**Excerpted records**
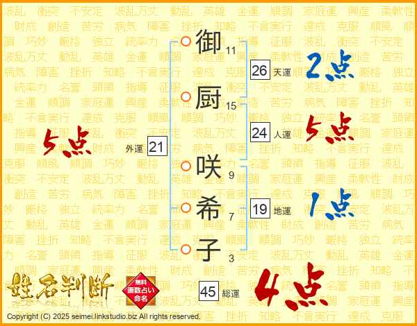 御(11画)厨(15画) 咲(9画)希(7画)子(3画)
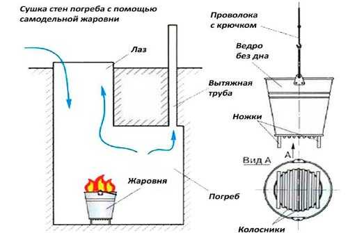 Может быть выполнена при помощи жаровни. Причем при необходимости данный атрибут может быть изготовлен самостоятельно из старого ведра и применяться всякий раз, когда возникает необходимость просушки подвального помещения. Для этого в старом ведре необходимо сделать перфорацию при помощи зубила или топора.
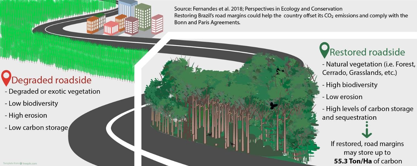 In this paper, we advocate for a well conducted and scientifically oriented restoration of roadsides. We define roadsides as the environment alongside paved roads, which in Brazil generally comprises 15m on each side. These areas have been completely neglected as a target for restoration, despite their high potential. Roadsides occupy a considerable area but are often degraded, suffering from erosion, covered by invasive species, or even left in bare soil. In some cases, roadsides are illegally used for parking, house construction, and increasingly for food production. The latter can have different forms, depending on the socio-economic context of the region: they may be used for small-scale farming, often using slash and burn as the management strategy, or simply be incorporated into adjacent agricultural areas. The construction of paved roads and their management has many impacts on biodiversity and ecosystem services around the world, including wildlife kills, the spread of wildfires and invasive species, chemical and noise pollution, erosion, and watercourses siltation (see Ibisch et al., 2016 for a recent review). Even more importantly, roads are a major facilitator of (often uncontrolled) deforestation, especially in tropical countries (Laurance et al., 2009). In the Brazilian Amazon, for example, 94% of deforestation has occurred within 5.5km of a road (Berber et al., 2014) and represents a great threat to biodiversity (Vale et al., 2008).
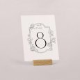 Assorti à votre faire-part, ce numéro de table agrémentera parfaitement votre décoration du jour J. Présentez-le sur un élégant porte-carte en bois (disponible en option), attachez-le à l’aide d’une ficelle autour d’un mason jar en verre garni de fleurs séchées… laissez parler votre imagination !
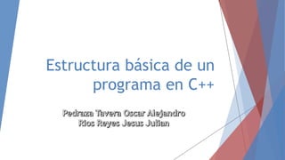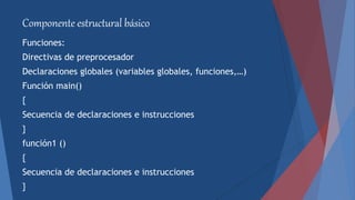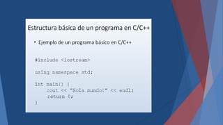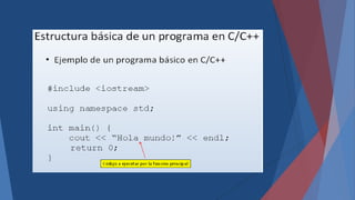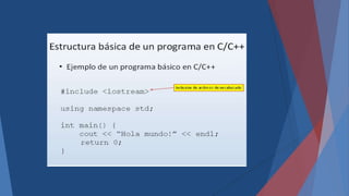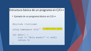 El documento describe la estructura básica de un programa en C++, incluyendo funciones, directivas de preprocesador, declaraciones globales, la función main, tipos de datos básicos como enteros, flotantes y caracteres, y el proceso de compilación y ejecución de un programa C++.
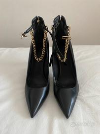 Scarpe con tacco décolleté Guess, colore nero in vera pelle, numero 37, scatola originale. Dotate di cinturino in pelle e catena colore oro rimovibile.
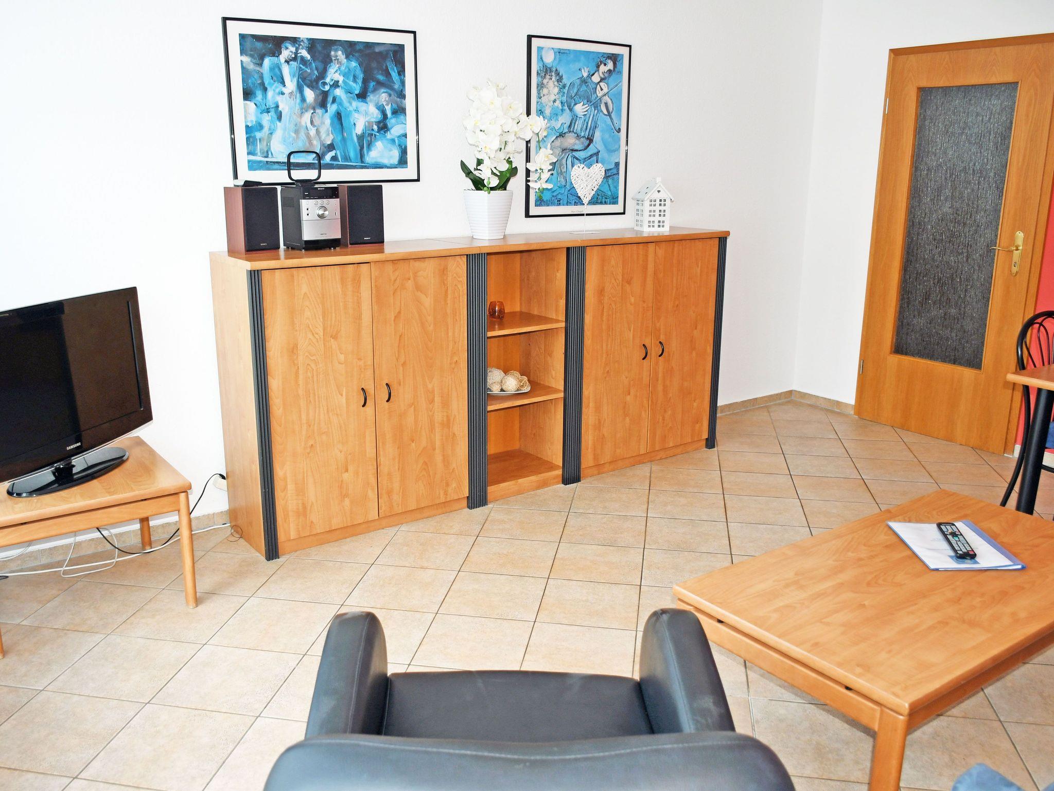 * Wohnbereich mit ausziehbarer, moderner Doppelbettschlafcouch (150 x 200 cm), 2 Sesseln, Couchtisch, Anrichte, Flat-TV, CD-Radio-Anlage und Esstisch mit 4 Stühlen

**Task directions**
Restate, line by line and word for word, everything from the top of the material through the line that contains "Может быть выполнена". Leave pictures out.

**Response box**
 御(11画)厨(15画) 咲(9画)希(7画)子(3画)
 Может быть выполнена при помощи жаровни. Причем при необходимости данный атрибут может быть изготовлен самостоятельно из старого ведра и применяться всякий раз, когда возникает необходимость просушки подвального помещения. Для этого в старом ведре необходимо сделать перфорацию при помощи зубила или топора.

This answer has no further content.